The number of battery energy storage systems in service in the U.S. has grown from seven in 2010, accounting for 59 MW of power capacity, to 125 by the end of 2018, accounting for 869 MW of power capacity, with a further 1.2 GW of storage expected to come online in the next one or two years. The decrease in the cost of utility scale battery storage by almost 70% between 2015 and 2018 has supported the strong growth, which analysts predict will continue throughout this decade.

Though there a variety of methods for storing power, lithium-ion batteries are the current favorite. “We’ve been through a few technology cycles,” Lund said. “Lithium-ion is the dominant technology and is likely to stay that for the foreseeable future. It’s relatively cheap, and it works, [and] the stuff that works better right now is more expensive. In this country, these decisions are made by the market, and the market looks for the good-enough, low-cost thing of the moment.”

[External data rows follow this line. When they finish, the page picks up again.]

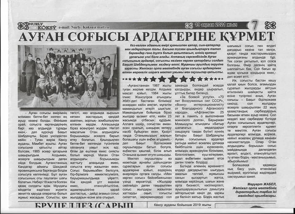 БАҚ өкілдері біз туралы."Ауған соғысы ардагерлеріне құрмет" мақаласы аудандық "Нұрлы Көксу" газетінде жарық көрді.Мақала авторы ДТІЖО: Жабел Меруерт » Көксу ауданы Жетіжал орта мектебі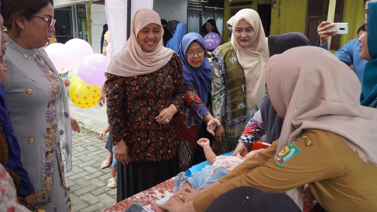 Ketua PKK Langkat didampingi Kepala Dinas Kesehatan Langkat dr Juliana, para pejabat instansi terkait, kader Posyandu, serta masyarakat sekitar yang antusias mengikuti rangkaian kegiatan.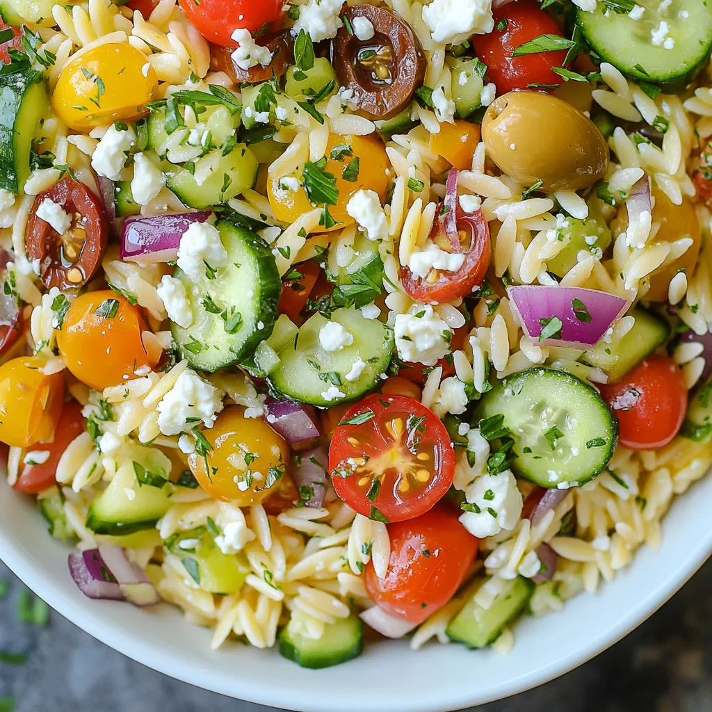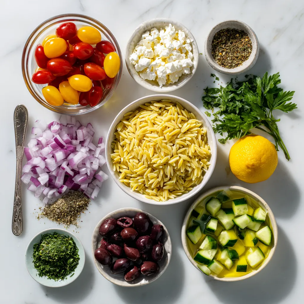 These ingredients create a vibrant and fresh salad. The orzo pasta serves as a great base. Cherry tomatoes add a burst of sweetness. Crisp cucumber gives a refreshing crunch. Red onion brings a bit of sharpness. Kalamata olives add a briny flavor. Feta cheese adds creaminess and salt. Fresh parsley and mint bring a lovely herb note.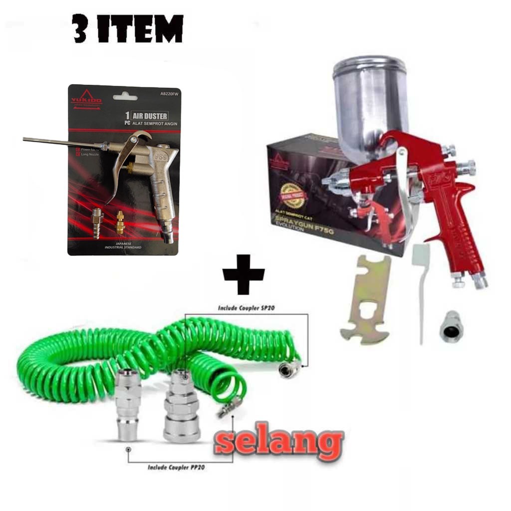 PAKET Spray Gun - Alat Semprot Cat spet Spray Gun F75G Semprotan Cat Kompresor Angin tabung atas+sir duster+AIR FILTER+a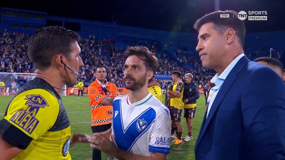 Apenas el árbitro indicó el final del encuentro en Liniers, Sebastián Domínguez, DT de Vélez fue a pedirle explicaciones al juez principal y le recriminó varias jugadas que, según su mirada beneficiaron al Calamar. Sobre todo la falta de Juan Ignacio Saborido que no fue sancionada con doble amonestación.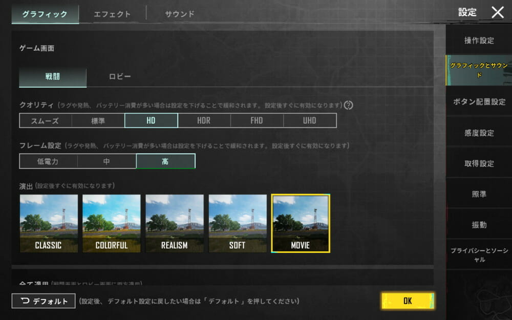 まずグラフィッククオリティに関しては『HD』まで選択出来た。

Observers note that hydrogen — where excess electricity generation is converted by hydrolysis into hydrogen, which can be re-electrified in fuel cells or used in power plants — is the largest viable competitor to lithium-ion batteries for use with stationary applications and to charge vehicles. “There does seem to be a demand, essentially in a fuel cell,” Echols said. “You can store it longer, and with fuel cells, the storage capability, the ways you can hold onto that hydrogen, it could be longer.”

Martin notes another advantage of using hydrogen as a storage medium. “From a hydrogen perspective, the utilities that are facing this prospect are where the public is concerned about GHG [greenhouse gas] emissions, and climate change,” he said. “It’s a way to adapt their existing infrastructure in a less-climate-intensive way.”